Итак, дитя любви Пастернака и Цветаевой – это не существо из плоти и крови, а сама поэзия, дерзко высказывающаяся подчеркнуто физиологичным, если не сексуальным, языком: «Знай, что чудо / Недр – под полой, живое чадо: / Песнь!» (стоит заметить, что здесь Цветаева развивает мысль из стихотворения 1918 года: «Каждый стих – дитя любви» (1: 419), где эта идея имела еще общефилософский, а не болезненно личный характер). На зашифрованном языке ее метафизики это чадо именуется «первенцем»; это дитя определенно мужского пола, что указывает на причастность Цветаевой преимущественно мужской поэтической традиции, в которую она вступает, ликующая и утомленная, как Психея на Олимп. Поэтическое чадо Цветаевой напоминает о ребенке Психеи, рожденном ею после того, как в акте самоубийства она обрела бессмертие. В случае Цветаевой парадоксальная поэтическая затея – освободиться от физической реальности через достижение трансцендентных высот метасексуального удовлетворения – также приводит к утверждению жуткой эквивалентности смерти и поэтического совершенства. Таким образом она метафорически заявляет, что собственная смерть будет ее триумфом, находя опору своей надежде в звуковых совпадениях:
Смена царства и въезд вельможе.
И домой:
В неземной —
Да мой.
Неземной «дом» Цветаевой этих строк отчетливо противопоставлен сфере домашнего быта, обычному женскому уделу; при этом существительное вельможа, относимое ею к себе, определенно указывает на мужчину.
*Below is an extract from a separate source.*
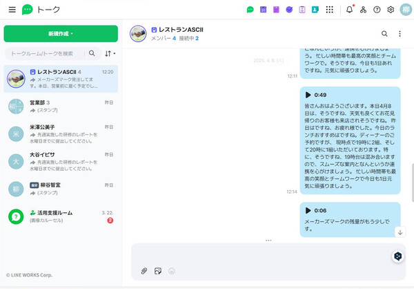 チャンネル内の「LINE WORKSラジャー」ユーザーには音声と文字起こしが送信される。例えば、接客中に色々と指示をされても意識が向かずに覚えきれないことがある。そんな時も、アプリで文字起こしを見れば何を言っていたのかわかるので、聞き返す必要がなく、お互いにストレスがないのだ。

Аналогичным образом она уподобляет себя наложнику, ожидающему свою королеву, которая причудливым образом играет роль женского двойника Пастернака: «пальцы в жгут – / Так Монархини ждет наложник». Смещение ожидаемых гендерных категорий подразумевает чаемое упразднение в царстве смерти гендера как такового[193]. Это упразднение – ключ к разрешаемой дилемме Психеи, которой начался цикл «Провода»: невозможность для женщины одновременно любить (или, точнее, быть любимой) и знать – невозможность быть одновременно телом и личностью, объектом и субъектом, женщиной и поэтом.